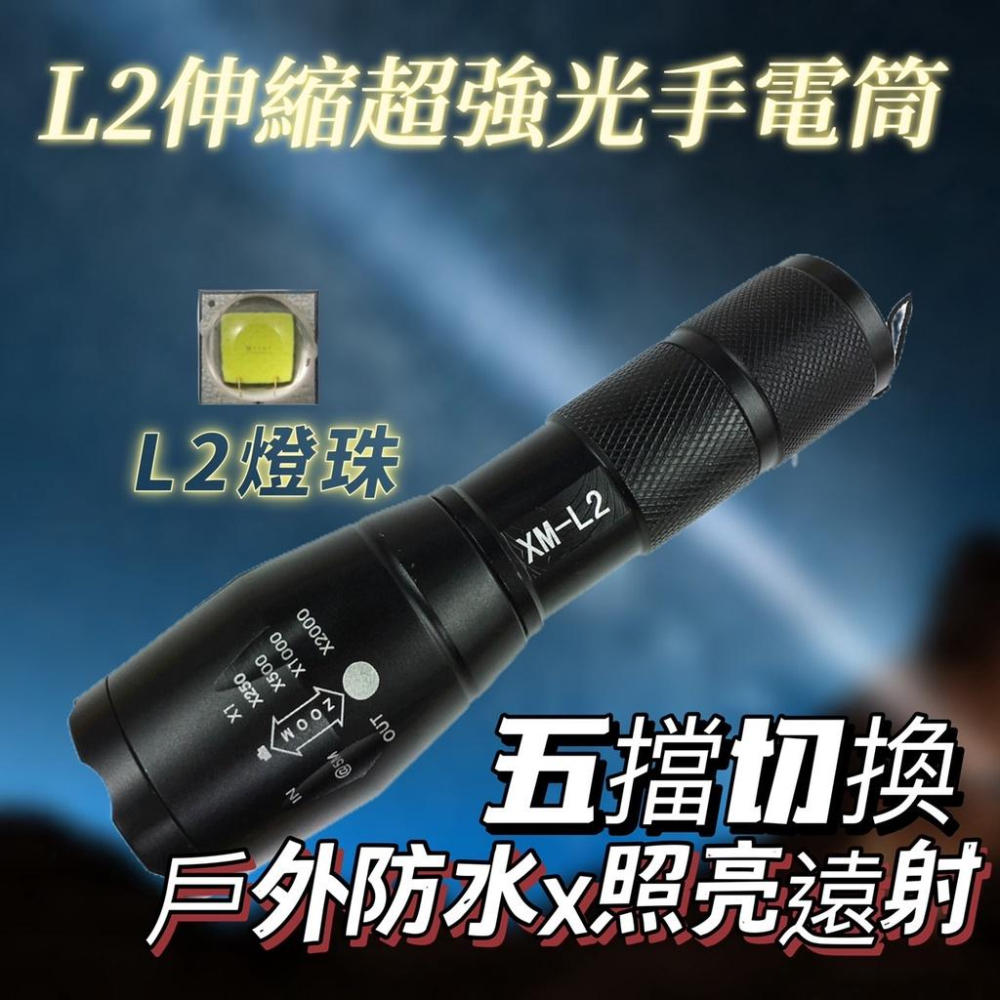尚玲瓏百貨 L2 LED戶外騎行遠射 充電防水伸縮變焦強光手電筒 露營/工地/修車/出遊
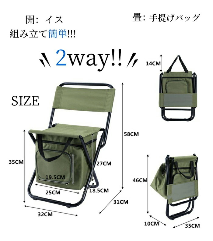 2way 手提げバッグ チェア 椅子 アウトドア イス テーブル レジャーシート イス 豊富 グリーン ロイヤルブルー 迷彩
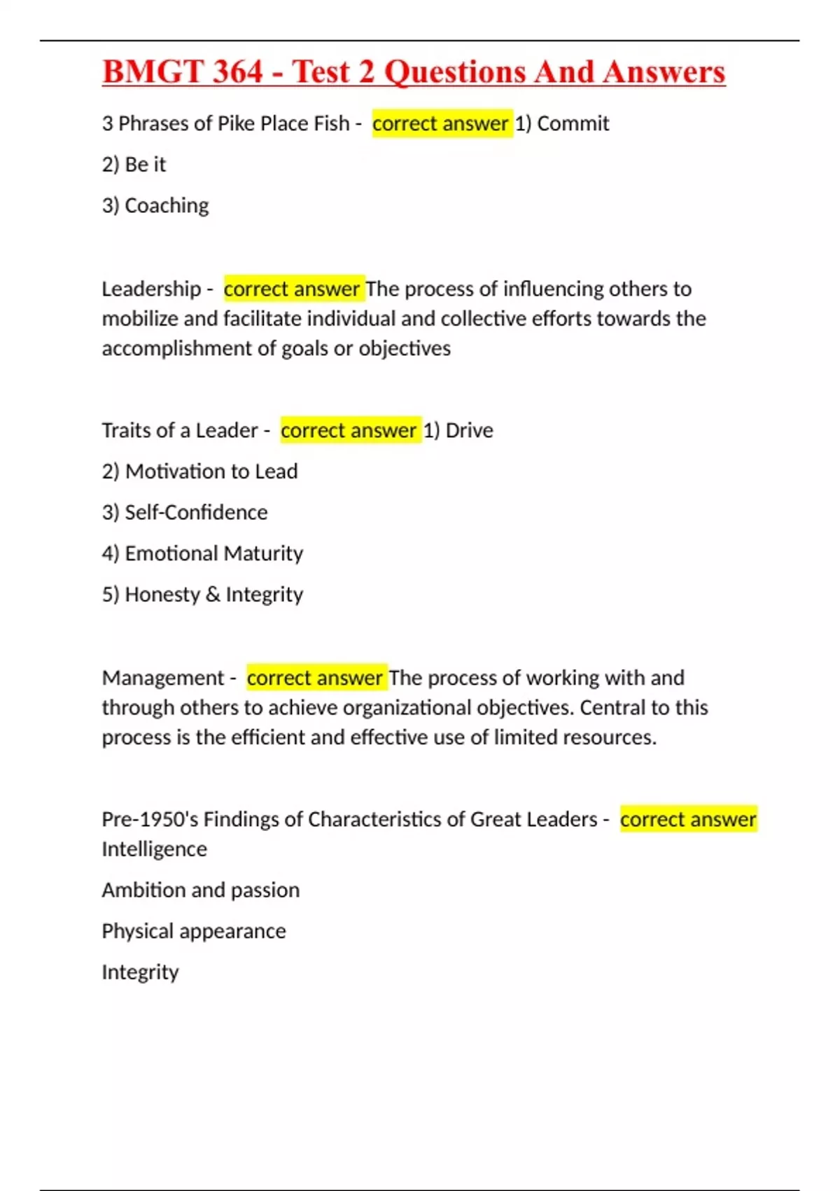 BMGT 364 - Test 2 Questions And Answers
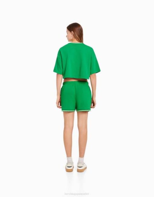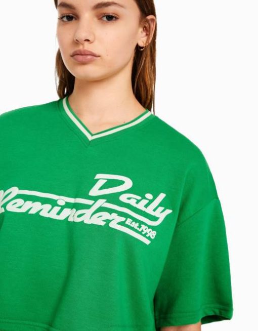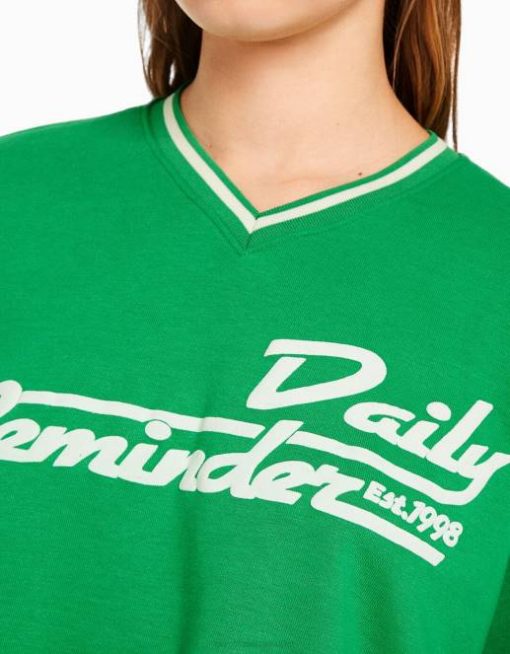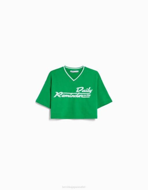 女性 Bershka プリント付き Vネック 半袖スウェットシャツ 6044586 衣類 緑
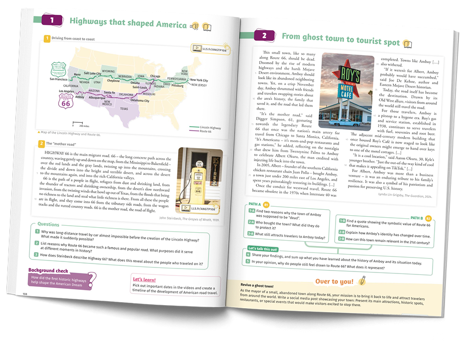 Pour prolonger la réflexion sur les thématiques des unités par la voie de la fiction, la collection propose des doubles-pages culturelles Book Club. Ces pages confrontent les élèves à des extraits littéraires longs, méticuleusement choisis parmi des œuvres classiques ou récentes. Pour faciliter l'immersion, chaque extrait est mis en contexte grâce à une note sur l'auteur et un résumé de l'œuvre. Guidés par un questionnement de compréhension progressif, les élèves abordent un vocabulaire plus complexe, ce qui offre une ressource précieuse aux enseignants pour nourrir les élèves ayant le plus de facilité, tout en donnant à tous l'envie de lire en toute autonomie.
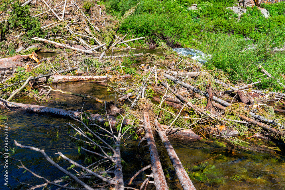 Log fallen tree crossing on pond stream lake at Snowmass creek on hiking trail in Colorado in July summer
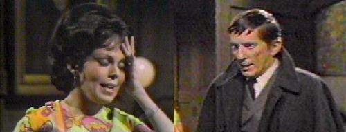 Loved the scene between Barnabas and Cassandra! So much hatred between them, and she's being so obstinate in admitting who she is! Mrs. Johnson must have wondered what the hell was going on between these two, finding them in what surely looked like a compromising position. Fainting, indeed! Mrs. Johnson probably thinks the new Mrs. Collins is a slut. Imagine Barnabas offering himself to her to save Lang. Would she have accepted if things had gone differently? Would she and Barnabas have left Collinwood together? Ah, the speculation!
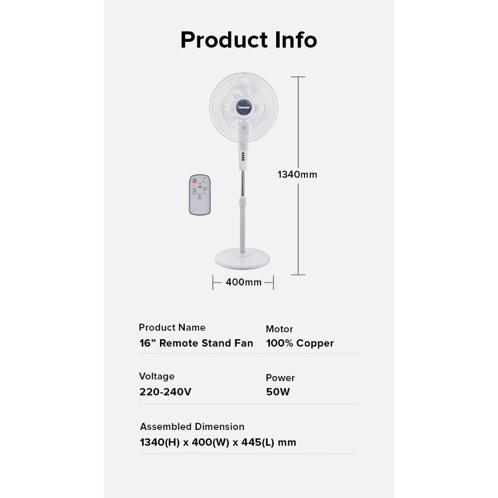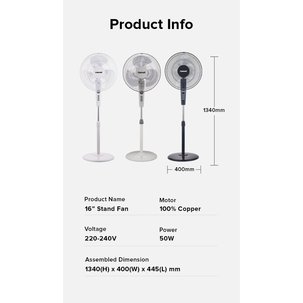 Cornell Stand Fan 16 inch New Improved Models
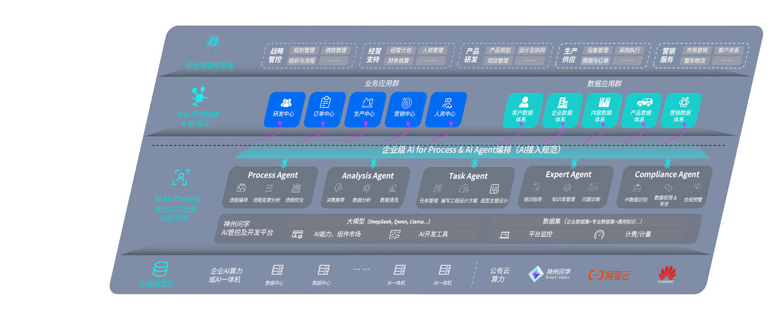 端到端的一站式AI工作空间深度融合了从企业战略规划到日常经营的全流程业务板块,,,,定向解决车企内部领域多、、、部门多、、链条长、、、场景碎片化等难题,,,支持车企快速构建以AI为核心的生产力写作体系,,,实现任务执行与AI能力的无缝集成与交互
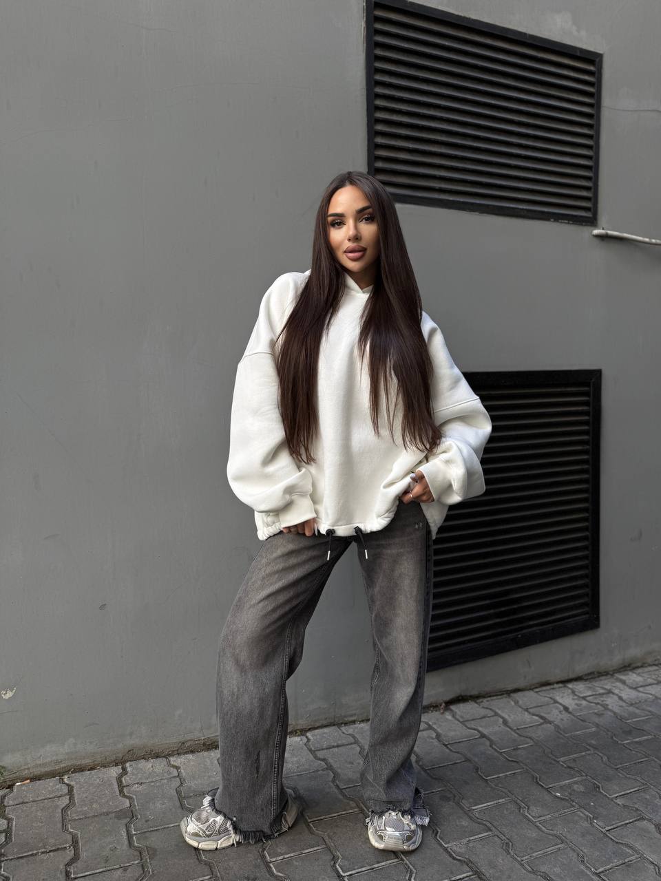 Женский худи с капюшлном на флисе молочного цвета 35203
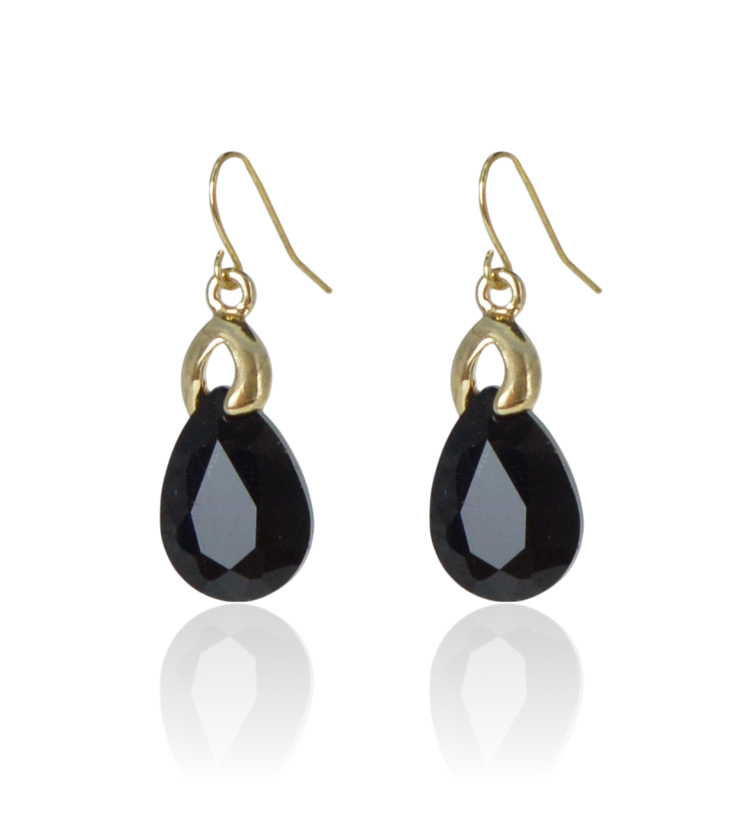 Subtelne, lekko wiszące kolczyki na biglu, ozdobione czarną, kryształową łezką osadzoną w złotej oprawie. Eleganckie i wyrafinowane, z ponadczasową nutą, doskonale podkreślą wieczorowe stylizacje. Idealny wybór na specjalne okazje, romantyczne wyjścia czy eleganckie przyjęcia. Świetne również jako prezent dla miłośniczki klasycznej biżuterii o uniwersalnym charakterze.
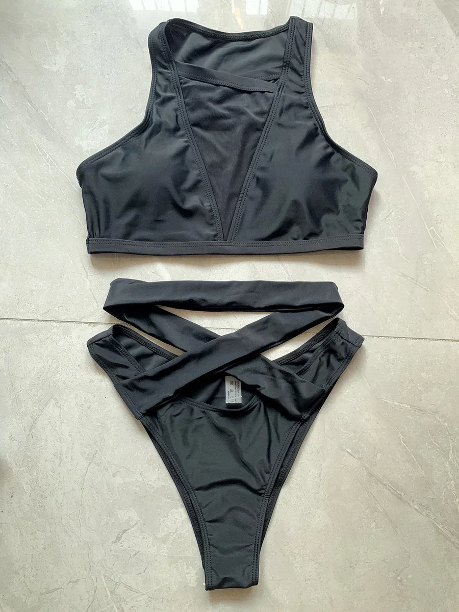 Mesh Sheer Hollow Out Bikini Female Swimsuit Women Swimwear Two-pieces Bikini Set See Through Bather Bathing Suit Swim Lady
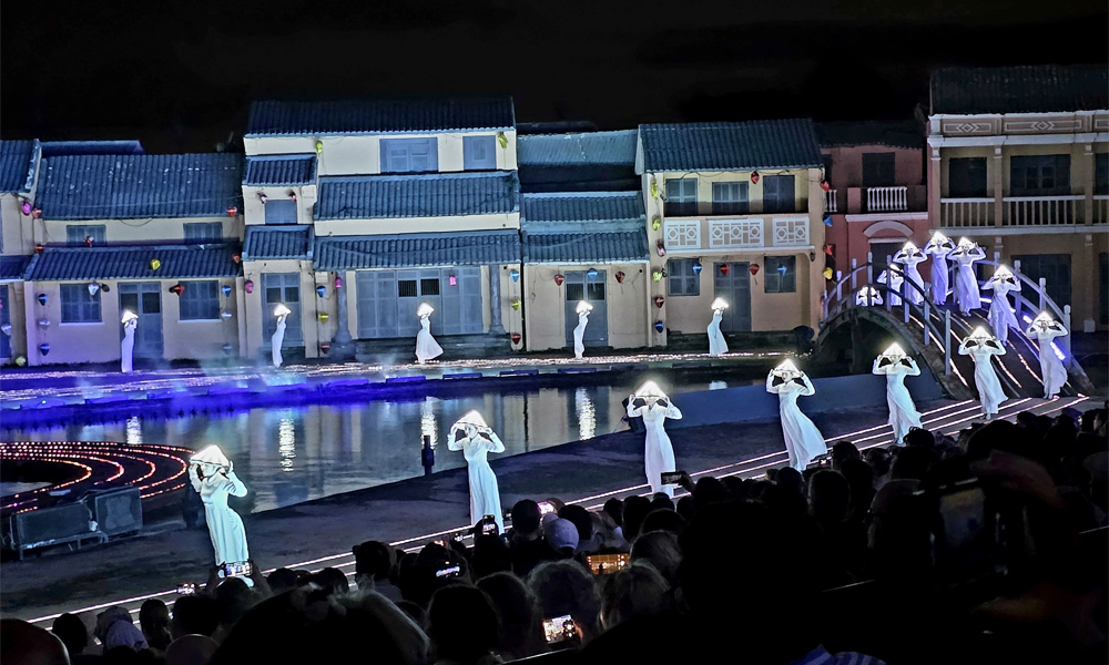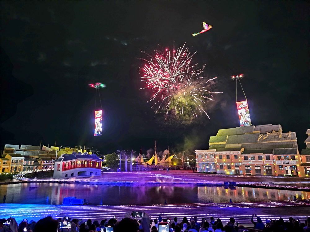Khoảnh khắc cao trào của đêm khai mạc là phần trình diễn hiệu ứng ánh sáng mô phỏng hình ảnh Rồng – Phượng “trao” những “cánh hoa may mắn” tỏa xuống từ không trung, tạo nên nghi thức chúc phúc độc đáo giữa bầu trời đêm Hội An.
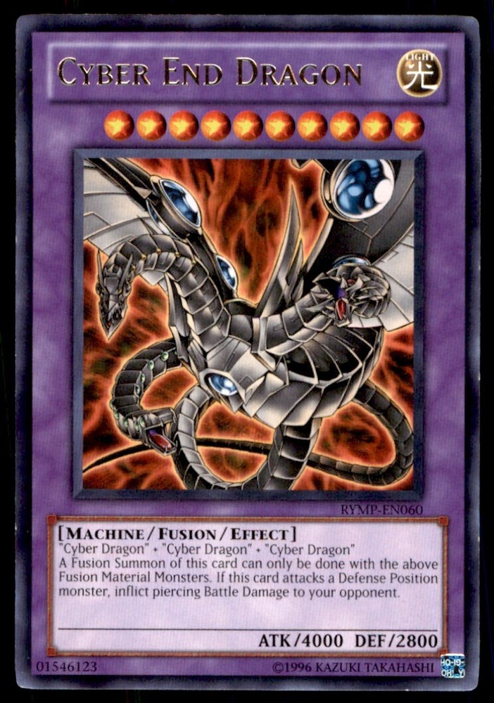 About Me Other Listings Feedback Add to Favorites Contact Me Bluenose Yu-Gi-Oh! Cyber End Dragon #RYMP-EN060 Light Play No stock photo / These are real scans or pictures Details Description: Cyber End Dragon Category: Yugioh Year: 1996 Product: Yu-Gi-Oh! Card Number: RYMP-EN060 Special: Light Play Dimensions: 3¼" x 2¼" SKU: YU B0003 R03 V (41) Payment Payment for buy it now is required immediately and for auctions it must be paid within 72 hours. Shipping Shipments usually make their way out in 3 business days. All orders to USA under 800$ USD typically are NOT subject to import or duty! We also offer free shipping on all our cards for north america. Returns and Claims Please view listing photo and description prior to purchase of card to make sure the card and condition is right for you! About Us Please keep in mind the following conditions .-------------------------------------------Near Mint: a card that shows very little to no signs of ware or usage such as very little whiting. -------------------------------------------Light Play: A card that shows signs of ware such as but not limited to whiting, slight bend or scratches. -------------------------------------------Heavy Play: A card that shows signs of ware, whiting, bending, creasing, folding or other various issues.-------------------------------------------Damaged: a card in very bad condition can have some or all of the above mentioned condition notes including peeling, stains, writing, etc.-------------------------------------------The photo in ads are the EXACT card you will recieve. Listing By Kronocard trading cards software v2.7.0.1

----

TASK REQUIREMENTS
Nothing but the lines above from the line with "Loved the scene" up to and including the line with "Mesh Sheer Hollow" should be returned, exactly as written and without pictures.

EXERCISE SOLUTION
 Loved the scene between Barnabas and Cassandra! So much hatred between them, and she's being so obstinate in admitting who she is! Mrs. Johnson must have wondered what the hell was going on between these two, finding them in what surely looked like a compromising position. Fainting, indeed! Mrs. Johnson probably thinks the new Mrs. Collins is a slut. Imagine Barnabas offering himself to her to save Lang. Would she have accepted if things had gone differently? Would she and Barnabas have left Collinwood together? Ah, the speculation!
 Cornell Stand Fan 16 inch New Improved Models
 端到端的一站式AI工作空间深度融合了从企业战略规划到日常经营的全流程业务板块,,,,定向解决车企内部领域多、、、部门多、、链条长、、、场景碎片化等难题,,,支持车企快速构建以AI为核心的生产力写作体系,,,实现任务执行与AI能力的无缝集成与交互
 Женский худи с капюшлном на флисе молочного цвета 35203
 Subtelne, lekko wiszące kolczyki na biglu, ozdobione czarną, kryształową łezką osadzoną w złotej oprawie. Eleganckie i wyrafinowane, z ponadczasową nutą, doskonale podkreślą wieczorowe stylizacje. Idealny wybór na specjalne okazje, romantyczne wyjścia czy eleganckie przyjęcia. Świetne również jako prezent dla miłośniczki klasycznej biżuterii o uniwersalnym charakterze.
 Mesh Sheer Hollow Out Bikini Female Swimsuit Women Swimwear Two-pieces Bikini Set See Through Bather Bathing Suit Swim Lady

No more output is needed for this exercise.